Non possiamo non considerare la vostra vicinanza estetica, ma anche fisica, con Ambiances Magnétiques. La & records risponde a un’esigenza più radicale rispetto quell’esperienza che sembra ampliare il campo a musiche di diversa estrazione? Ci parli della tua esperienza con AM?
«Non direi che ci sia un’esigenza radicalizzatrice dietro la creazione dell’etichetta. Essenzialmente si tratta d’un progetto artistico iniziato da Fabrizio Gilardino e me stesso. Un desiderio comune d’inventarci, con molta modestia, un nuovo spazio di creazione e diffusione. “Just what the world needs… Another record company”, scriveva Frank Zappa nel 1969, quando mise in piedi Bizarre Productions.

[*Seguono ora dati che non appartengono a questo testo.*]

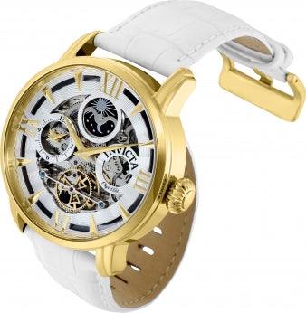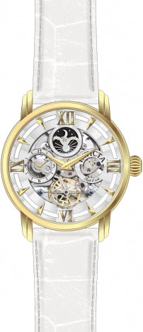 A Caixa e Mostrador deste relógio medem 47 mm, sendo feitas em aço inoxidável, garantindo durabilidade e resistência. Seu tipo de coroa é Push e seu cristal é de Fusão de Chamas, proporcionando um design único e moderno. Com movimento automático e resistência à água de 50m, é perfeito para qualquer ocasião. Sinta-se elegante e confiante com sua pulseira de couro branco de 205mm de comprimento.
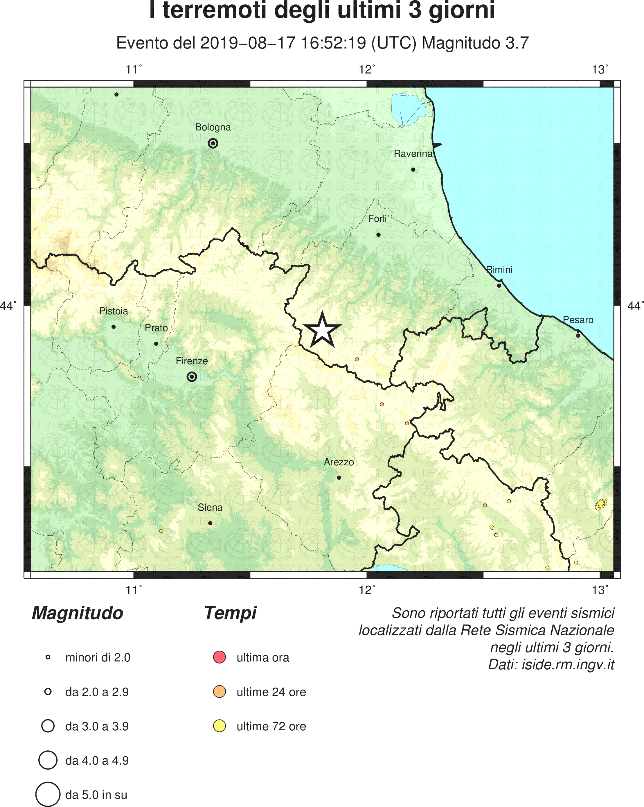 Un terremoto di magnitudo ML 3.7 è avvenuto nella zona: 7 km SE Premilcuore (FC), il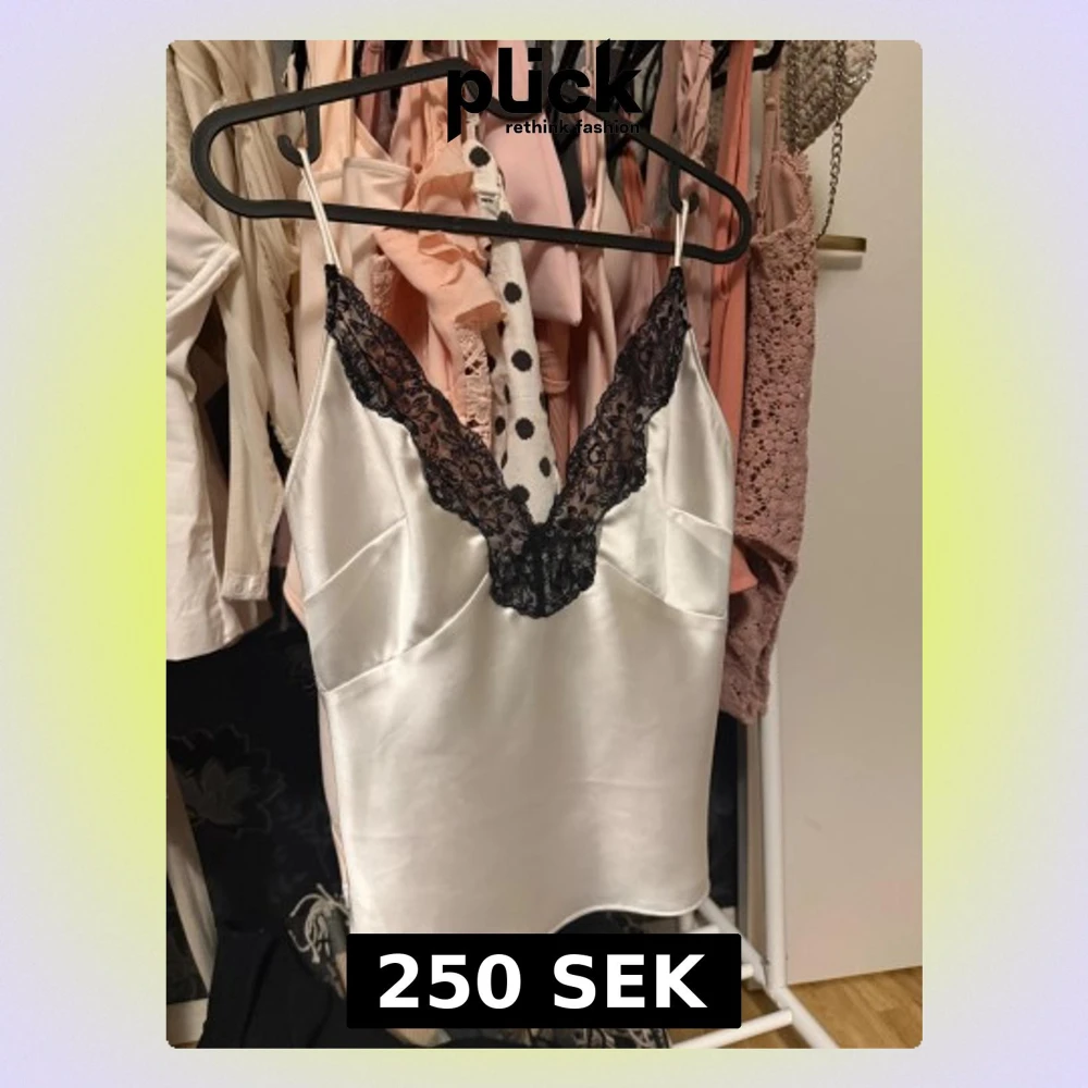 Säljer en snygg vit linnetopp i satin med tunna axelband och djup v-ringning dekorerad med svart spets. Toppen har en glansig finish och sitter lätt och luftigt på kroppen. Perfekt för dig som gillar en chic och feminin stil.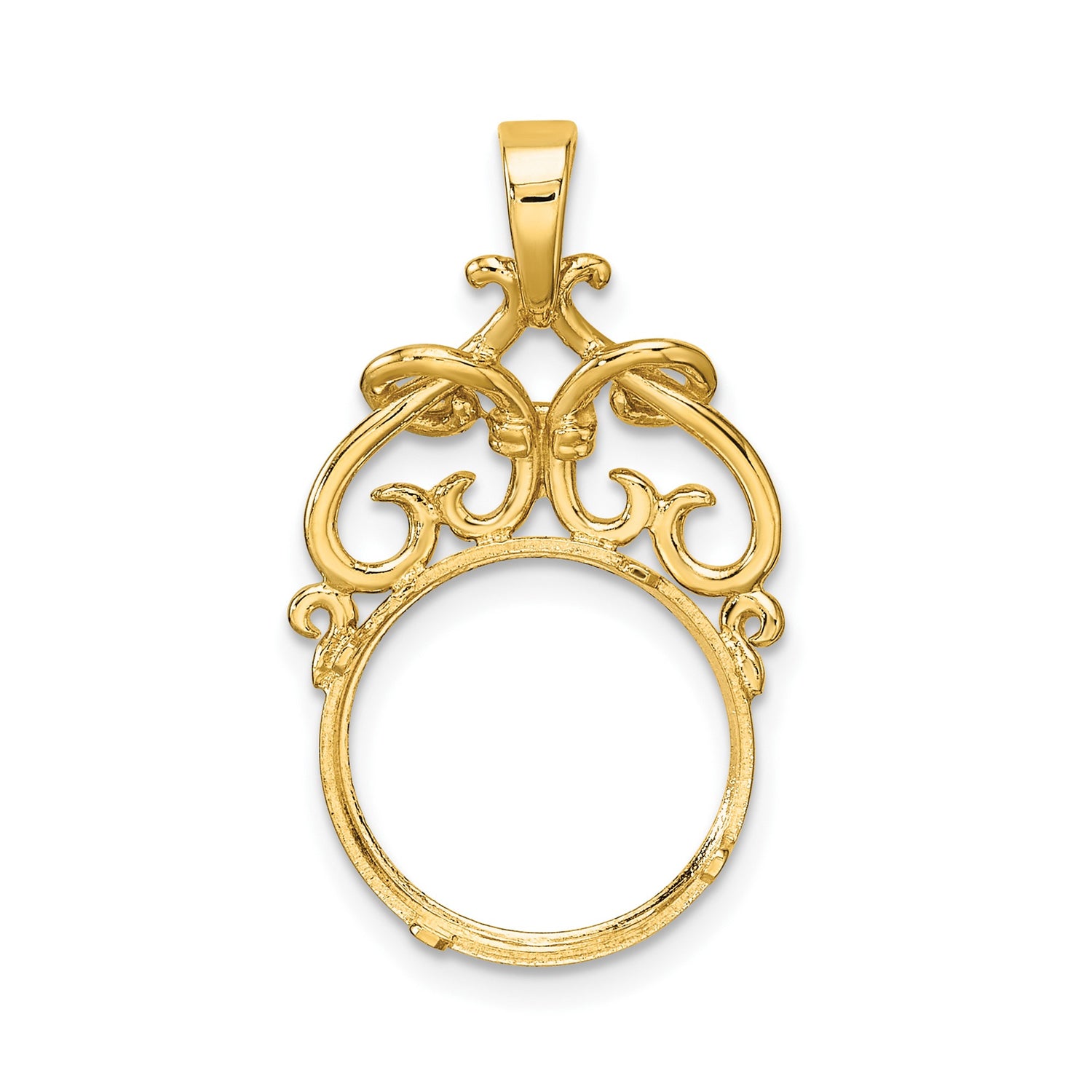 Mexican 2 Pesos Gold Coin Bezel Pendant Prong Set Baroque Diaomond-Cut Scrollwork Design in 14k Yellow Gold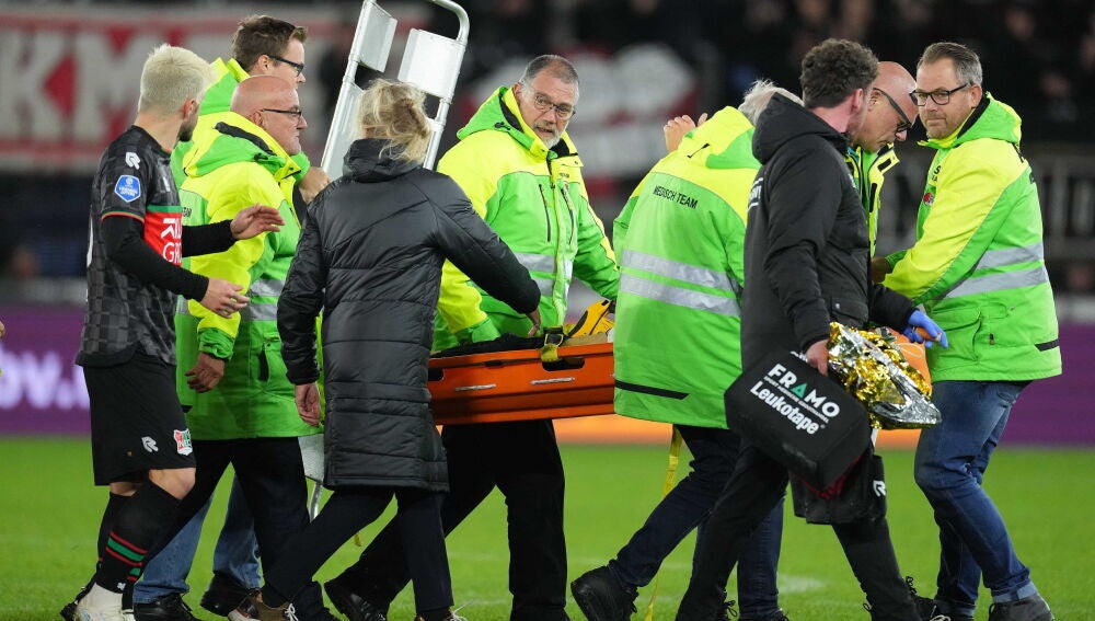 "El jugador está consciente y ha sido sacado del terreno de juego", comunicó su club, el NEC Nimega que informó de que el futbolista fue trasladado al hospital.

Da qualche anno a questa parte il pianeta è infestato dal proliferare di nuove, piccole etichette che vedono la luce ogni giorno, senza sosta, in modo quasi esponenziale. Ciò mi piace… Mi sembra una proliferazione potenzialmente poetica. &records è uno spazio di ricerca, e la ricerca, la sua stessa ragion d’essere… Posso immaginarmi facilmente &records nella stessa genealogia familiare di Ambiances Magnétiques. Del resto, Fabrizio e io stesso, ne siamo ancora e sempre strettamente associati: Fabrizio continua a collaborare con loro come direttore artistico e grafico e io vi faccio ancora uscire dei dischi, com’è il caso per uno dei miei prossimi progetti, che ha per titolo “Flat Fourgonnette” (molto vagamente, musica country alla mescalina). Sono ancora, e lo sarò sempre, un membro del collettivo di Ambiances Magnétiques. Quest’etichetta è un ottimo esempio di “successo parallelo” e poi, senza Ambiances Magnétiques, qualche anno fa, probabilmente non sarei mai riuscito a pubblicare alcunché».

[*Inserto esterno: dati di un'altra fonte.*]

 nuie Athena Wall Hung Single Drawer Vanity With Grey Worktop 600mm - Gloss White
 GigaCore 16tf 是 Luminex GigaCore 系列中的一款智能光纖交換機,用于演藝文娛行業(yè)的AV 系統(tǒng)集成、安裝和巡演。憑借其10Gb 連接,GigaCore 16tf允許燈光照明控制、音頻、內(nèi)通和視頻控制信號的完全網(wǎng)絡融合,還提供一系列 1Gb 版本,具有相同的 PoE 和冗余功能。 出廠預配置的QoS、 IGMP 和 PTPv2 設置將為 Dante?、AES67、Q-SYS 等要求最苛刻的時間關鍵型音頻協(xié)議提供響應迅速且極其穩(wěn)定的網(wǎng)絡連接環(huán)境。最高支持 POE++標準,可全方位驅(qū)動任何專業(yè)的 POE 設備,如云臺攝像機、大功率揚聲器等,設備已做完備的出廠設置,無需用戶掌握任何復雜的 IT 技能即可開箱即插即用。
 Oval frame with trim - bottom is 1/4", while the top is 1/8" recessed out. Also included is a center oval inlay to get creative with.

Nella musica elettronica attuale, ma forse non solo in quella, uno dei principi plasmanti forse più determinanti è il concetto di spazio, sia reale che mentale. Esiste secondo te una musica in se stessa, libera dall’idea o dalla suggestione che può generare?
«Una musica che esistesse solo per se stessa dovrebbe comporsi in modo autonomo, senza intervento umano, e sarebbe al tempo stesso il suo solo fruitore e referente. Se una tal musica esistesse non potremmo mai ascoltarla. Peggio per noi. Il melomane e il critico inevitabilmente generano un’interpretazione. Le idee che s’associano abitualmente a una musica in particolare sono in genere proposte dall’ascoltatore, non dal compositore. La musica è, dal punto di vista semantico, piuttosto relativa, debole nei suoi enunciati, meno precisa del linguaggio visuale o delle parole stesse, ma resta comunque strettamente legata alle idee e suggestioni del compositore come alle diverse interpretazioni dell’ascoltatore. Per quanto riguarda il concetto di spazio, ti dirò che, essenzialmente, la musica è un’arte del tempo, ciò che gli uomini hanno inventato di meglio per contrastare l’ineluttabilità del tempo che trascorre. E tutto ciò funziona piuttosto bene: quest’arte infonde elasticità al tempo che passa. Nella musica, le questioni di spazializzazione sono sempre rimaste secondarie. Forse, grazie all’inarrestabile ottimizzazione delle tecniche di riproduzione sonora, le preoccupazioni legate alla spazializzazione, al concetto di spazio sonoro, aumenteranno. Questa non è che l’alba…».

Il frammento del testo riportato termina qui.